Sprzedający i kupujący nie znają rodzaju i treści komentarzy wystawionych im przez drugą stronę transakcji, do czasu aż obydwie strony nie wystawią sobie komentarzy. Zabezpiecza to znane z innych platform sytuacje, w których realizacja transakcji nie przebiegła poprawnie ze strony tylko jednego kontrahenta, a traci na tym druga strona, która otrzymuje neutralny, bądź negatywny komentarz w rewanżu.

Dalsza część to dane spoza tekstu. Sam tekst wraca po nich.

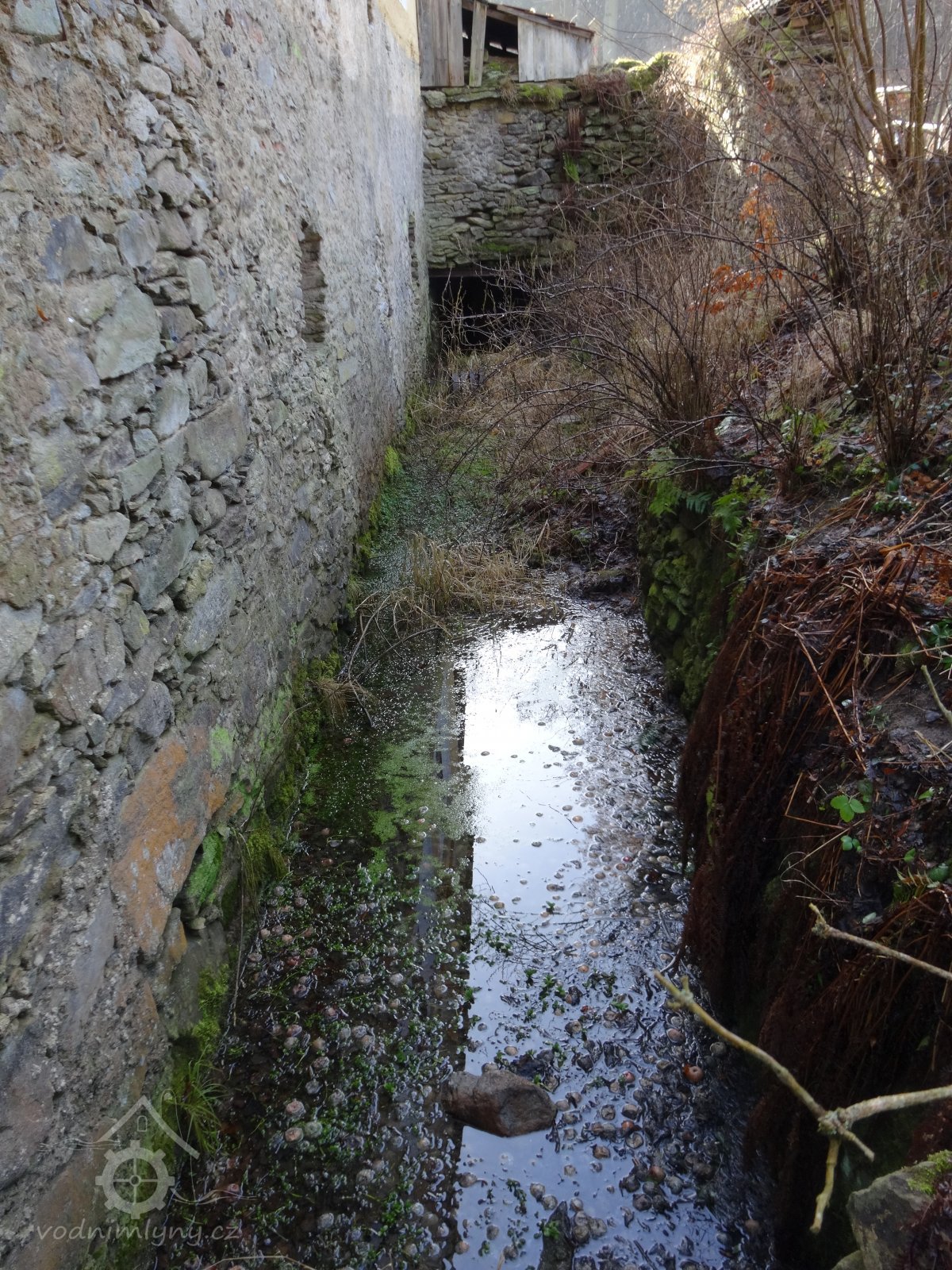Voda přicházela poměrně dlouhým náhonem od jezu na řece Blanici, okolo něhož nyní vede hezká naučná a turistická stezka. Před mlýnem byla malá nádržka z níž pak šla voda pravděpodobně na vantroky a mlýnská kola. Odpadním kanálem pak byla odváděna zpět do řeky Blanice.
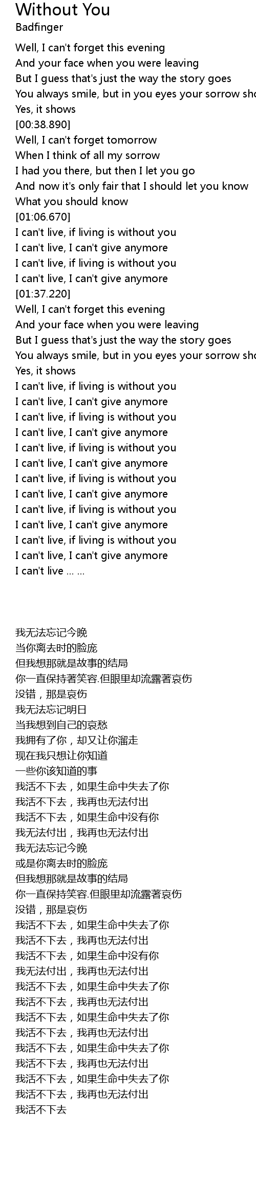 | [01:24.370] | I can't live, if living is without you |
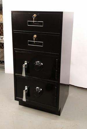 CLICK HERE to watch our video on “What to Do When Your Safe Arrives.”Cash handling is important to any business, especially financial institutions with cash. The Fenco 207 Pedestal Unit with 2 Locking Box Drawers and 2 Steel Plate Lockers is 38.50" tall and 18.00" wide. Both lockers have 1/4" steel behind a 1/2" steel plate doors (B-Rate Burglar Rating), equipped with three-point locking bolt-work, Group 2 Spyproof Mechanical Combination Locks, and Key Locking L-Shaped Handles. Fenco's Goldine 200 Series offers versatility for your teller line, teller pod, back counter, or work room. The top drawers are locked by a key lock.
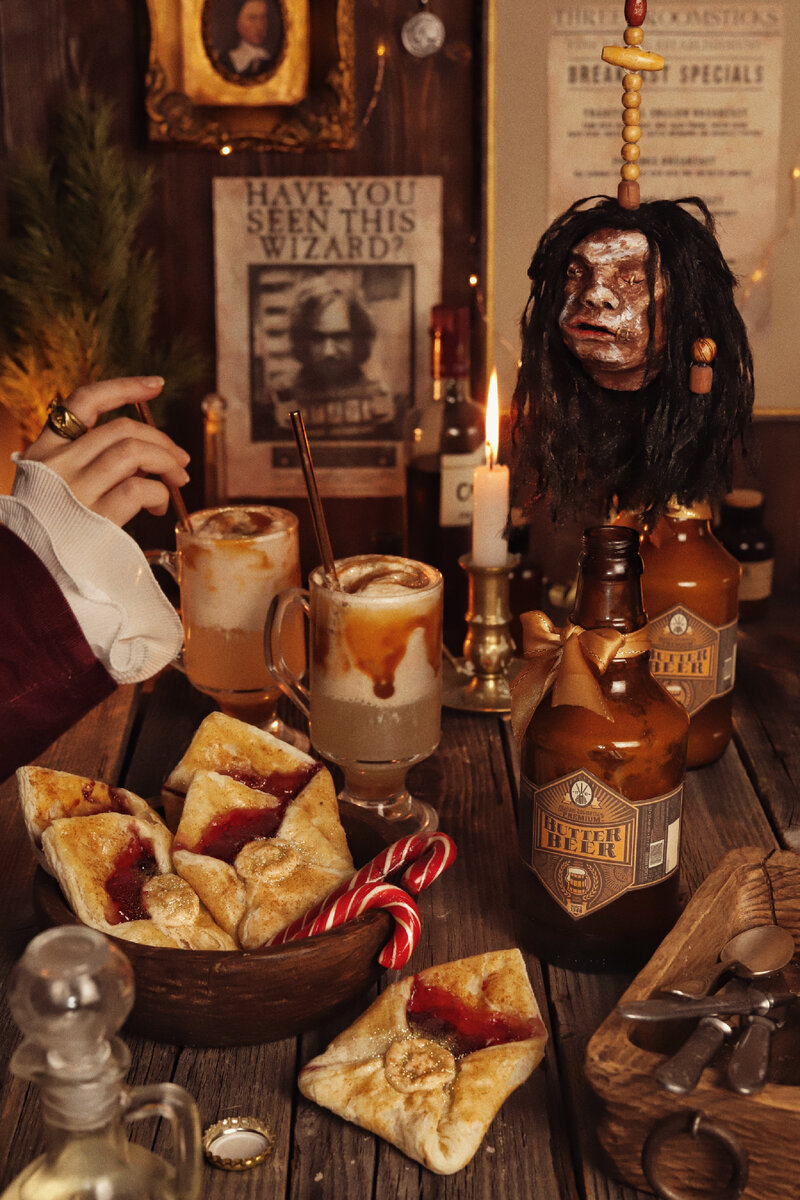Давайте сегодня посетим паб волшебников «Три метлы» и попробуем сливочное пиво от мадам Розмерты. В роли Розмерты в этот раз выступаю я. 😏 Ну а в роли кочерыжки-цанцы выступает мой собственноручно вылепленный «собутыльник» 😅 К этому Новому году я сделала и бутылочное сливочное пиво … и получилось (после пары тестов) очень даже неплохо! Без пены ощущения другие, но получается не менее вкусно. Особенно в охлажденном виде. Обычно я наливала его в кружки 🙂 Знаю, что многим не заходит сладкий вариант, воротят нос от сочетания сливок и газировки. Есть такие, кто делает сливочное пиво алкогольным, нам с мужем такой вариант вообще не подходит. А сладости мы любим:) Поверьте, это правда очень вкусно. Кого бы я не поила своим сливочным пивом, и кто бы не повторял его по этому рецепту — никто не жаловался 😁 Вкус очень насыщенный, свежий и пряный. Итак, приготовление сливочного пива не займёт много времени. И ингредиентов здесь совсем немного: 👉🏻 ириски «золотой ключик» 10-15 шт 👉🏻 К
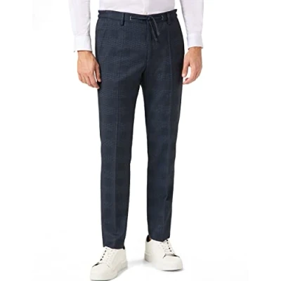 Casual suit trousers made of digitally printed outer fabric, elasticated side and drawstring. Wing pocket, welt pockets at the back. Crease-resistant. Chequered print.

Jak zapewniają twórcy giełdy, serwis nie zamierza teraz ani w przyszłości pobierać żadnych opłat i prowizji za sprzedaż, kupno lub korzystanie z witryny. Domenada.pl ma zarabiać na sprzedaży usług dodatkowych, takich jak promowanie licytacji, weryfikacja użytkownika (pocztą tradycyjną), wprowadzanie dodatkowych zdjęć, czy weryfikacja przedmiotu wystawionego na licytację (domeny lub serwisu).
Niestety w przypadku tej ostatniej usługi, twórcy Domenada.pl - pomimo pobrania opłaty - nie gwarantują, że wynik poprawnej weryfikacji jest właściwy i zabezpieczy interesy kupującego (patrz pkt 12.22. w Regulaminu Domenada.pl)
Podobnie jest z bezpieczeństwem pozostawionych w serwisie danych osobowych i wiadomości wymienianych za pomocą serwisu przez jego użytkowników. W punkcie 13.9 oraz 13.14 Regulaminu serwis Domenada.pl zastrzega, że dane użytkowników mogą zostać wykorzystane także przez "zaufanych partnerów", m.in. na potrzeby zapewnienia bezpieczeństwa. Natomiast już w punkcie 13.13 - Domenada.pl stwierdza, że nie do końca bierze odpowiedzialność za pozostawione w serwisie prywatne informacje użytkowników oraz ich dane:
13.13. Serwis Domenada.pl nie może zagwarantować, że wszystkie prywatne wiadomości przekazywane Użytkownikowi lub przez Użytkownika, a także inne informacje natury prywatnej, nie zostaną nigdy ujawnione w sposób nie ujęty opisem w treści niniejszych zasad.( np. kradzież danych)
Wiadomo, że włamania na serwery w celu kradzieży danych osobowych są już niemalże na porządku dziennym, jednak to do właściciela serwisu, który zdecydował się na taką a nie inną działalność, powinno należeć nie tylko zapewnienie ich bezpieczeństwa, ale także ponoszenie odpowiedzialności za jakość zabezpieczeń.
Wracając do części giełdowej serwisu, witryna dopiero co ruszyła - działa zaledwie od kilku dni - stąd też nie dziwi niewielka oferta (nieco ponad 200 wystawionych domen i tylko kilka serwisów) oraz niewielu kontrahentów. Poza tym giełda jest przejrzysta, nawigacja nie sprawia problemu, a strona pomocy, FAQ oraz regulamin są czytelne i zrozumiale sformułowane. Dodatkowo, oprócz sprzedaży lub zakupu, mamy również możliwość sprawdzenia dostępności wybranej przez nas nazwy domeny.
Podsumowując, pomimo kilku budzących wątpliwość zapisów w regulaminie, Domenada.pl wprowadziła godne naśladowania rozwiązanie wystawiania komentarzy i na pierwszy rzut oka nie sprawi nikomu problemów z poruszaniem się po serwisie. Czy giełda przyjmie się na polskim gruncie pokaże czas i determinacja jej twórców.